“Susan”

susan-curios-on-window-sillKids these days. They have it pretty easy, don’t they? The Internet is everywhere, there’s no shortage of cable channels to choose from, and videogames are so embedded into daily life we barely even notice them. A trip to Grandma’s involves an hour or two of backseat gaming, a few more hours of television, a hasty meal and a bored visit to the garden, followed by tantrums over the WiFi password and an angry drive home because the iPad is dead.

In my day… oh, here we go, “In my day!” Really. I hate to say it, but it’s true. There were no microwaves, no cable channels, no smartphones, and no wireless Internet. A visit to Grandma’s usually meant watching trees zip by, a black-and-white television that was never turned on, a ponderously slow dinner, and a tour of the garden that was actually a highlight.

Then, for real entertainment, there were the trinkets on the windowsill. I think every grandmother had them. These little glass baubles were found in every window in the house, and they came in every shape and color. Little red cups, blue vases, pink ballerinas, butterscotch birds, and they weren’t just on the sills. Grandma had placed them on top of every sash, and there were extras on shelves throughout the house. The sun beamed through them, throwing beads of color across the floor and walls. When the colors rose just so far up the back wall of the dining room, we knew it was time to hit the road.

Those days eventually end, as they must for everyone, and the houses are sold, boxes are packed, and the trinkets are forever lost, to remain only in memory. Once in a while a cellar is cleared, and boxes of these glass curios are discovered, wrapped in old newsprint: a local sports team wins a trophy in 1954; Jackie Kennedy’s recipe for a noodle casserole; Comics lampooning Nixon. And inside, glass junk, fads from a bygone era, suitable only for a dumpster.

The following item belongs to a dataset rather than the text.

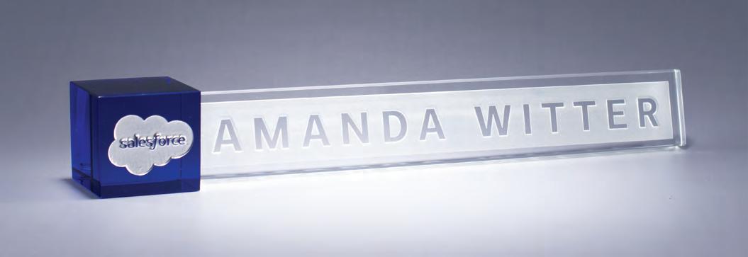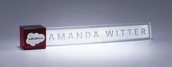 SKU DESCRIPTION DIMS WEIGHT 1–9 10–24 25–100 215 Director’s Nameplate 12”L x 2”W 1 lb $75.05 $71.30 $67.75 1–5 6–24 25–99 216 Accent Nameplate 1.75”H x 12”W x 1.75”D 1 lb $71.40 $67.85 $64.45 216

And that brings me to the Wakefield house.

———-
The house was a flip. I’d say it was a failed one, though most of the work was top notch. The failure was in the previous owner’s timing. Bought at the peak of the market, and unsuccessfuly sold at the bottom. They’d had the place for a year or so, and the bank had it for three. My wife Lisa and I bought it in a dusty, neglected condition, but with good ‘bones’, new walls and ceilings and updated heating and electrical. A steal, with only some cleaning to do.

‘Only’ can be a loaded word. The basement of this house was still packed with boxes and old furniture. We found stuff in the attic, too. The houseflippers gave all this stuff up, or maybe it was there before. Of course we determined that this was the end of the line for most of it.

While clearing out the junk, it was apparent that this house had been lived in for a long time by someone. What we could glean from the collection was that an older couple had accumulated clothes, books, old board games, tools, toys from every era. We figured out how to give a lot of it away.

For the old furniture and anything we couldn’t donate, dumpsters were hauled in, and out. Two twenty-yarders. I tried to keep anything worthwhile. Tools! A model railroad set (that has yet to be built). And there was one box of these glass trinkets that so closely matched the ones I remember, I couldn’t quite toss it. It stayed.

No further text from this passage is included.